Ripple Engineer Touts XRPL's Native Multisig as Security Advantage After $3M Exploit

1 hour ago 2 sources positive

Key takeaways:

  • XRPL's native multisig eliminates smart contract risk, potentially attracting institutional custodians to XRP.
  • Exploit contrasts with Ethereum's vulnerability, possibly shifting developer focus towards XRPL's security model.
  • Investors may increasingly prioritize protocol-level security when evaluating blockchain projects.

RippleX software engineer Mayukha Vadari has highlighted a key security advantage of the XRP Ledger (XRPL) in the wake of a sophisticated exploit that drained roughly $3 million from Ethereum and Base wallets. According to Vadari, XRPL’s native multisign design—baked directly into the protocol—completely sidesteps the smart contract vulnerabilities that allowed attackers to compromise 86 Gnosis Safe wallets in under two hours.
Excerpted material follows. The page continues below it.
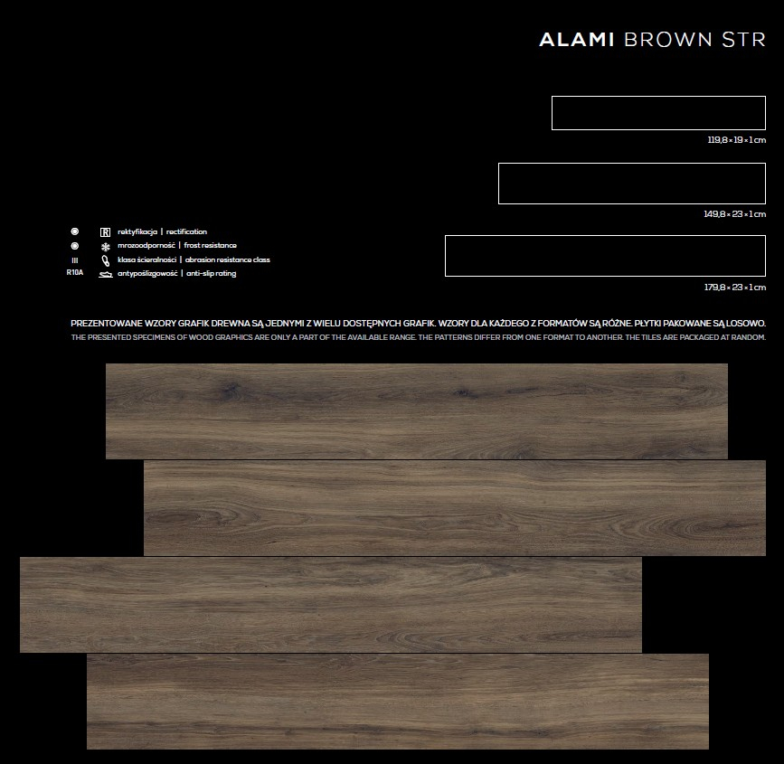 Gresia Alami Brown STR aduce căldura și profunzimea lemnului natural în tonuri bogate de maro, combinând estetica organică cu durabilitatea gresiei porțelanate. Textura „STR” redă fidel fibra lemnului, oferind detalii subtile și o senzație tactilă plăcută, pentru un ambient autentic și rafinat.
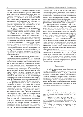 Средин В. Г., Войцеховский А. В., Ананьин О. Б., Мелехов А. П., Несмелов С. Н., Дзядух С. М. Образование поверхностных дефектов в n-CdxHg1-xTe мягким рентгеновским излучением лазерной плазмы 54

The incident, reported by blockchain security firm Blockaid, saw hackers manipulate the SquidRouterModule to drain funds before swapping the stolen assets into DAI through attacker-controlled Uniswap V3 pools. Reacting to the news, Vadari underscored that because XRPL multisign is not "patched together via 3rd-party smart contracts," the attack vector used in the exploit simply does not exist for XRPL accounts. This built-in feature, which has been operational since June 2016, allows users to approve transactions with multiple secret keys and combine them with master keys or regular key pairs under a single account structure.
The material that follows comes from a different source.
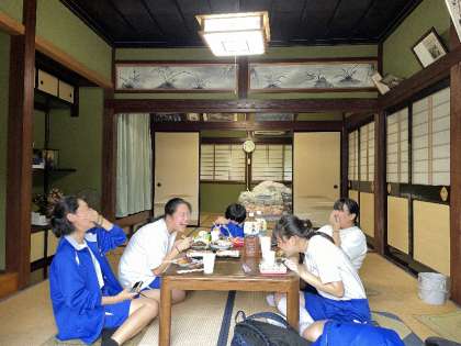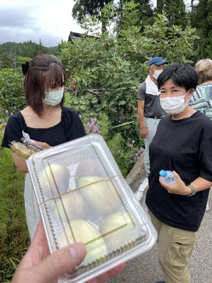 自分たちで作ったおはぎを早速食す。私たちもお裾分けと、庭になっているイチヂクをたくさんいただきました。

Vadari further explained that XRPL’s architecture lets signers or quorum requirements be modified without changing the wallet address, and individual signers can rotate credentials without freezing funds. Addressing critics who compared Bitcoin’s broader multisig adoption, she noted that Bitcoin only expanded beyond basic M-of-N support after the Taproot upgrade in 2021, while XRPL’s native scheme has been available for years and is already heavily used by custodial platforms. The engineer’s remarks have intensified the conversation around protocol-level security features as the crypto industry grapples with a rising number of smart contract-related exploits.